Бревнотаска и мост были старыми, без видимых следов ремонта. Опоры, на которых они располагались над рекой, представляли собой почерневшие от времени ветхие деревянные срубы, до верху заваленные изнутри камнями, между которыми местами росла трава. Меня поразила оригинальность, с которой без единого гвоздя, была решена техническая проблема много лет назад и я понимал, что скоро опоры заменят на современные.

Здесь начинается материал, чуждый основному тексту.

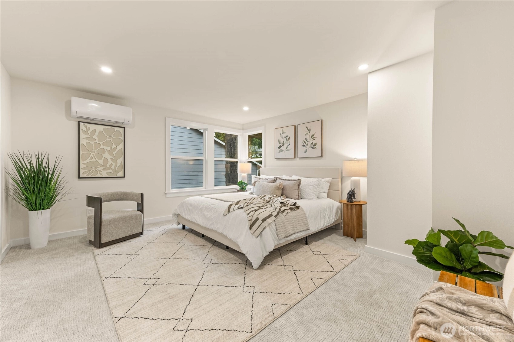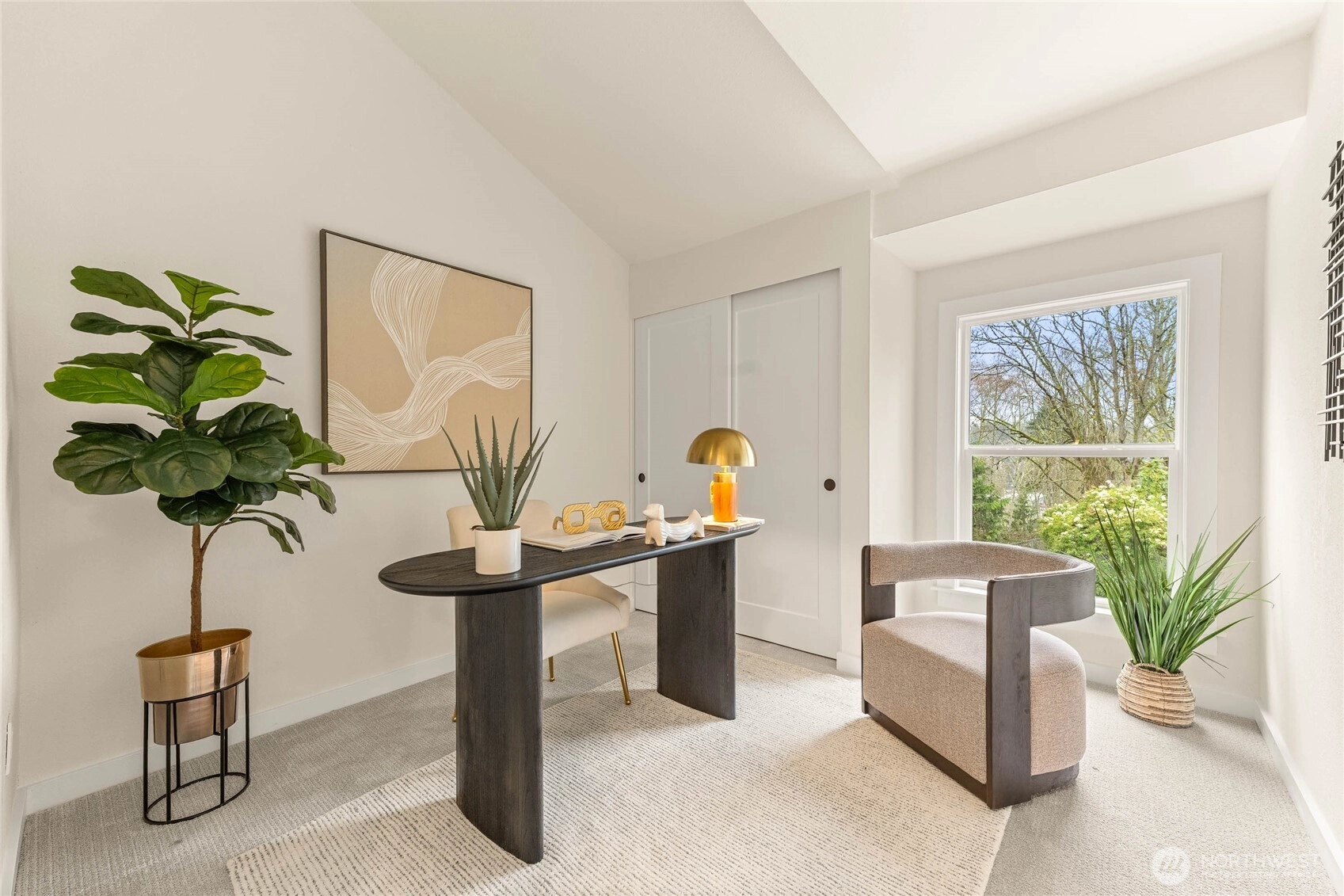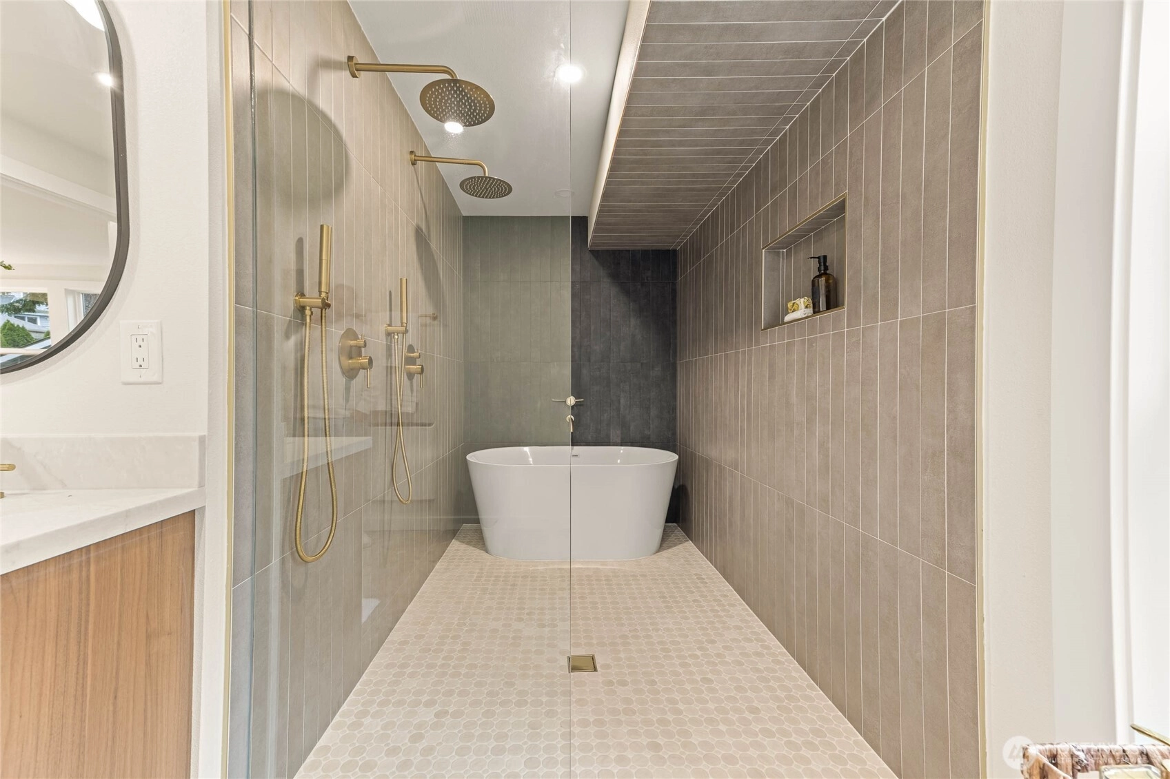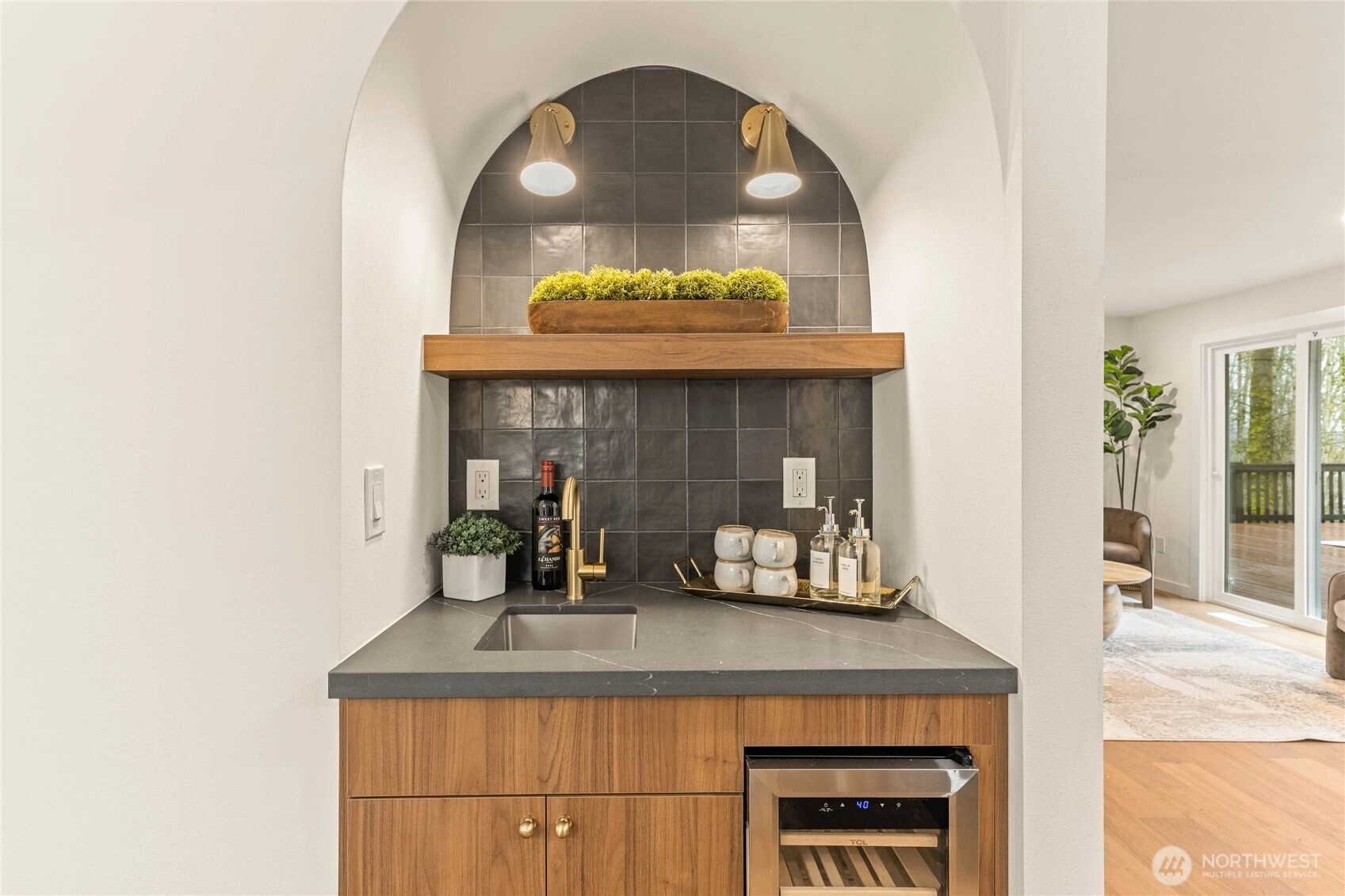 Fully reimagined Mid-Century Modern in the heart of Totem Lake, thoughtfully remodeled while preserving the architectural elements that make this era so enduring - all within the highly regarded Lake Washington School District. Vaulted ceilings and clean architectural lines create an immediate sense of luxury. A restrained material palette of warm wood cabinetry and dark stone surfaces grounds the open living spaces, while Bosch appliances anchor the kitchen in performance and simplicity. A built-in wet bar with wine refrigeration extends the material palette, creating continuity throughout the home. The primary suite unfolds into a spacious five-piece bath conceived as a true retreat: a large-format wet room with dual shower heads, a freestanding soaking tub placed with intention, dual vanities, and a separate water closet. Recent upgrades include a new roof and new windows, reinforcing both performance and longevity. At the center of the home, the original curved fireplace remains untouched — a rare sculptural form that softens the geometry of the space and serves as a striking architectural focal point. It is both art and structure, and the soul of the home. An expansive rear deck extends the living area outdoors, designed to accommodate summer gatherings while maintaining privacy and ease. Architecturally grounded. Warmly modern. A refined Mid-Century residence in one of Kirkland’s most connected neighborhoods.

Я не сразу заметил, когда появились рельсы узкоколейки, вдоль которых мы шли по тропке, уже на другом берегу. Тропка, хорошо протоптанная, ныряла вверх вниз на полметра и почти в полной мере повторяли её рельеф рельсы узкоколейки. Виднелись очень старые, полусгнившие, когда-то правильной формы шпалы, местами заменённые просто кругляками-поленьями, уложенными кое-как, вкось и вкривь.
Кругом громоздились обросшие бурьяном курганы из щепы, коры, обрубков, вперемешку с землёй. Один из них дымился, как вулкан, медленно тлел внутри и наполнял воздух запахом дыма. Всё производило впечатление удручающее своей беспорядочностью и хаосом, не было той аккуратности и разумности, которые исчезли в работе современных работяг, в отличии от прежних времён, когда люди за мизерную оплату труда соблюдали чистоту и порядок.
По поводу «вулкана» Виктор пояснил, что он горит уже года два – видимо много в нём древесного мусора зарыто. Летом, когда он начинает сильно дымить, его заливает водой леспромхозовская пожарная команда, а в остальное время он предоставлен сам себе.
Также Виктор поведал о том, сколько леса пропадает на лесосеках. Пролежит штабель не вывезенным по причине непогоды, а чаще всего по не стыковке планов по валке, вывозу и переработке леса – придёт в негодность от времени. Рядом со штабелем роют бульдозером траншею и сталкивают его туда, а сверху загребут землёй и концы спрятаны, и то это делается, если видит гниющие штабеля какая-нибудь инспекция, а сколько их не замеченных, лежит по вырубам. Он рассказал, как в октябре с товарищем, на охоте, уже по снегу, они неделю ночевали у подожжённого штабеля.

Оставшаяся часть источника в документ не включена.